Sodari, NORTH KORDOFAN (SCANS) — Drones struck a crowded marketplace in Sudan’s North Kordofan state Sunday, killing at least 28 people and wounding dozens more in an attack that a human rights group condemned as a violation of international law.
Emergency Lawyers, a group tracking violence against civilians, said drones bombed the al-Safiya market in the town of Sodari in North Kordofan state.
The attack occurred when the market was packed with people, “exacerbating the humanitarian tragedy,” the group said, adding that the casualty count was likely to rise.
“The attack occurred when the market was bustling with civilians, including women, children and the elderly,” the group said.
The attack occurred in a Rapid Support Forces-controlled area in the far north of Sudan’s Kordofan region, currently the fiercest frontline in the three-year-old war between the army and the paramilitary RSF.

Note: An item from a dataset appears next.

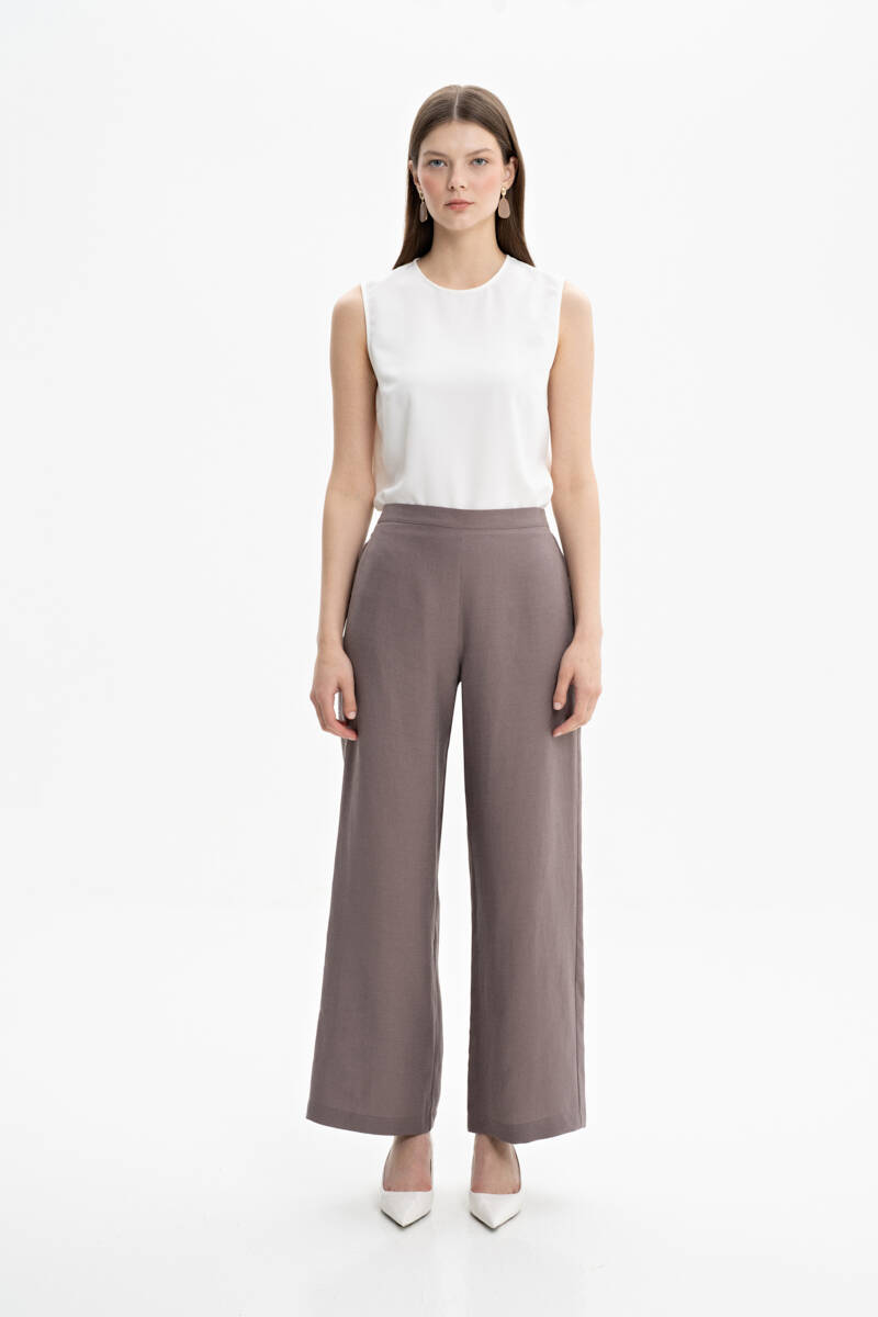 Vizon Beli Lastikli Keten Pantolon

Emergency Lawyers did not attribute responsibility for the strike in its statement, though the group said on X that the drones belonged to the army.
Two military officials, who spoke on condition of anonymity because they were not authorized to brief the media, told SCANS that the army does not target civilian infrastructure and denied involvement in the attack.
Sodari, a remote town where desert trade routes cross, is 230 kilometers (132 miles) northwest of el-Obeid, the state capital of North Kordofan, which the RSF has been trying to encircle for months.
The Kordofan region has seen a surge in deadly drone attacks as both sides fight over the country’s vital east-west axis, which links the western RSF-held Darfur region, through el-Obeid, to the army-controlled capital, Khartoum, and the rest of Sudan.
Emergency Lawyers called the strike a “serious violation of international humanitarian law” that undermines the principle of civilian protection during armed conflict.
The group demanded an immediate halt to drone attacks by both sides of the conflict and called on warring parties to stop targeting civilian infrastructure and comply with international humanitarian law.
A week before the attack, a drone near the city of Rahad in North Kordofan hit a vehicle carrying displaced families, killing at least 24 people, including eight children. A day before that strike, a World Food Programme aid convoy was also hit by drones.
Fighting between the RSF and the Sudanese military erupted into a full-blown war in April 2023. At least 40,000 people have been killed and 12 million displaced, according to the World Health Organization. Aid groups say the true death toll could be many times higher, as fighting in vast and remote areas impedes access.